• _Your instructions_
Transcribe the listing exactly, leaving out every picture.

• _Records supplied_
:::
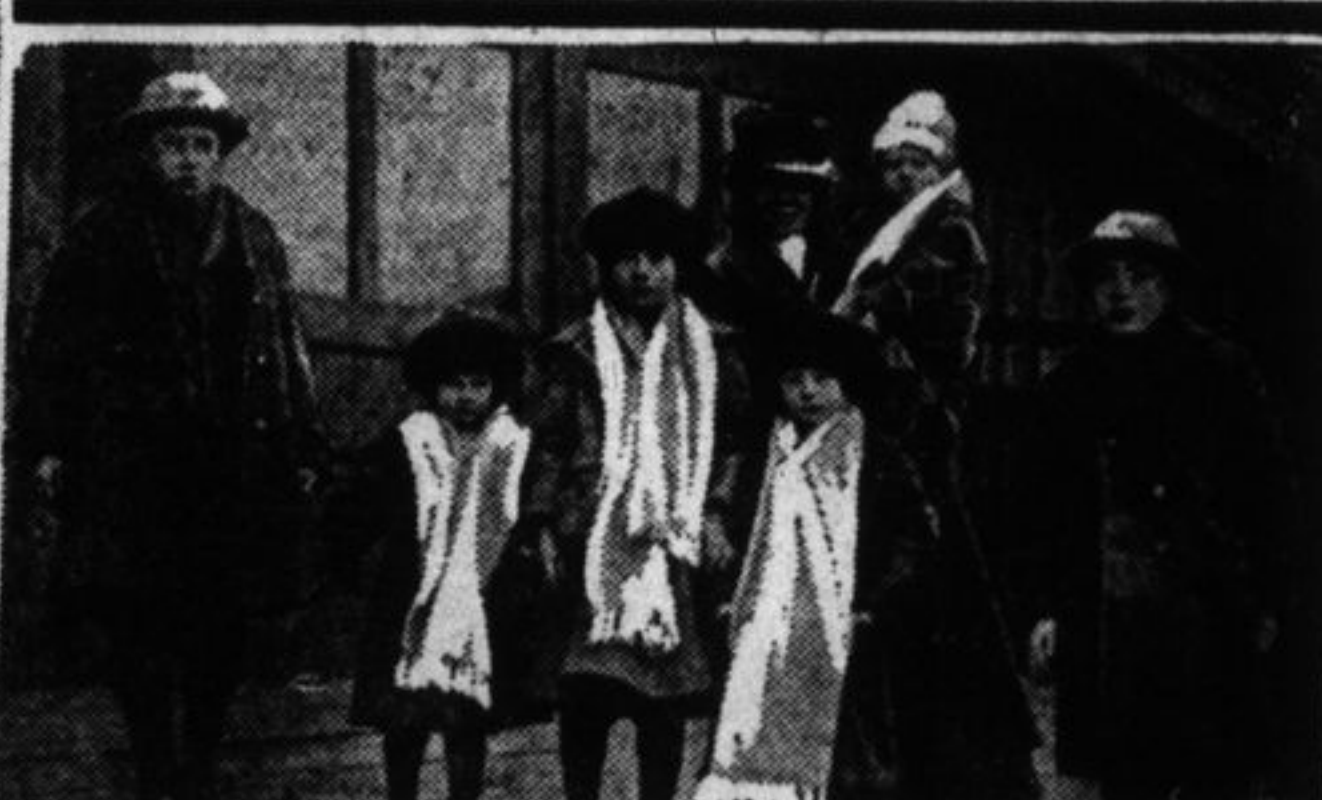
This mother wanted her sons and daughters to grow up in a land of opportunity. She migrated to Canada therefore, from the Western Isles.
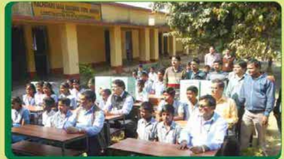
बैठने हेतु छोटी दरी तथा डेस्क-बेन्च का वितरण
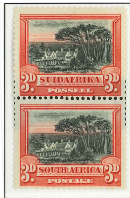
V1. Oval Perforations

Substantial downward shift of the vignette overlapping the frame, certainly one of the most prominent I have seen. 'They are not common as Waterlow were quality printers and poor color registrations were usually scrapped'
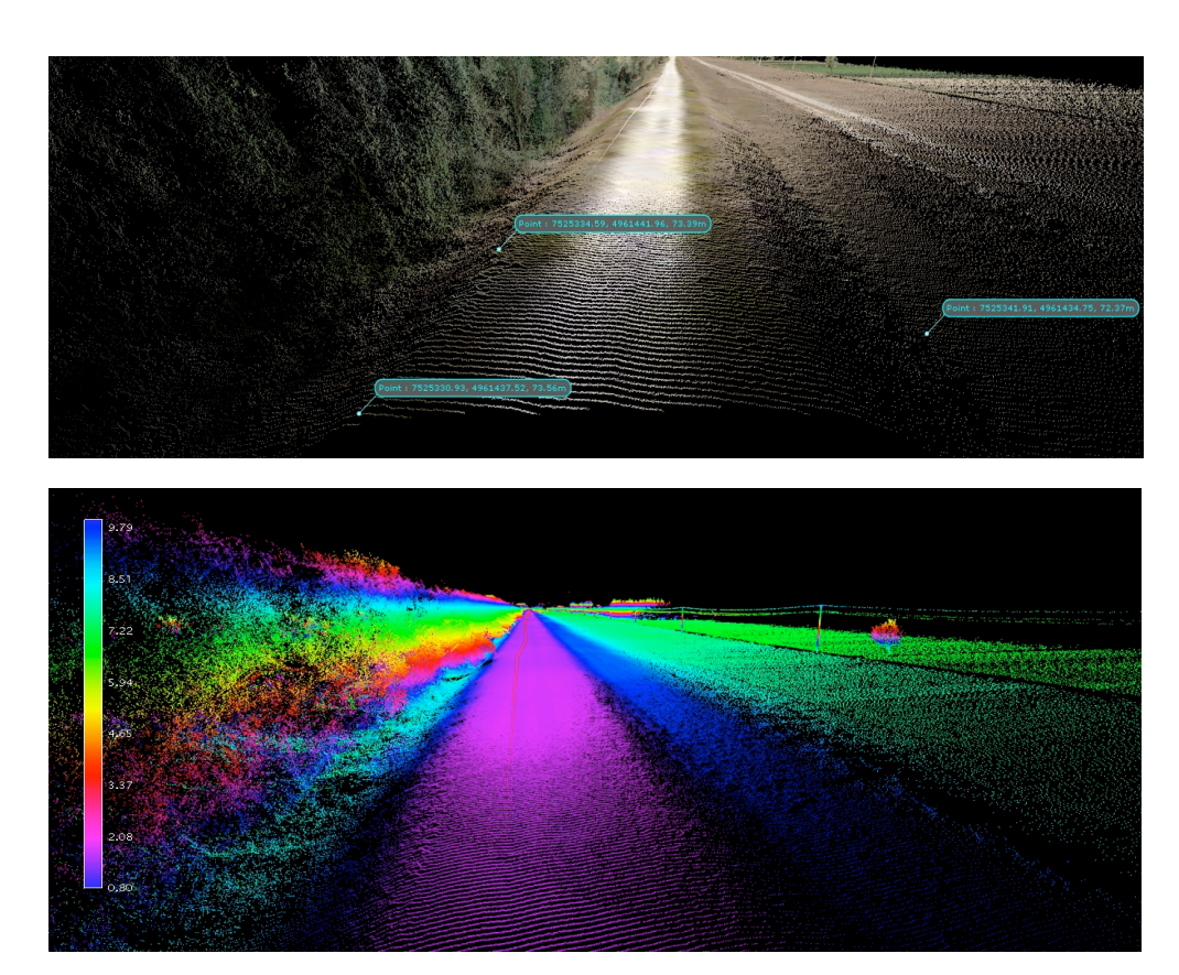
Fig. 4. Surveying the river embankment by using mobile laser scanning technology
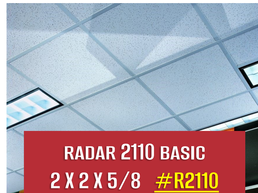
RADAR 2110 BASIC 2 X 2 X 5/8 #R2110

We also stock CGC Santa Fe™ and Dune 2 X 4 X 5/8 1773A & Smooth White 2 x 4 X 15/16 ceiling tiles from Armstrong
:::
• _Reply_
This mother wanted her sons and daughters to grow up in a land of opportunity. She migrated to Canada therefore, from the Western Isles.
बैठने हेतु छोटी दरी तथा डेस्क-बेन्च का वितरण
V1. Oval Perforations

Substantial downward shift of the vignette overlapping the frame, certainly one of the most prominent I have seen. 'They are not common as Waterlow were quality printers and poor color registrations were usually scrapped'
Fig. 4. Surveying the river embankment by using mobile laser scanning technology
RADAR 2110 BASIC 2 X 2 X 5/8 #R2110

We also stock CGC Santa Fe™ and Dune 2 X 4 X 5/8 1773A & Smooth White 2 x 4 X 15/16 ceiling tiles from Armstrong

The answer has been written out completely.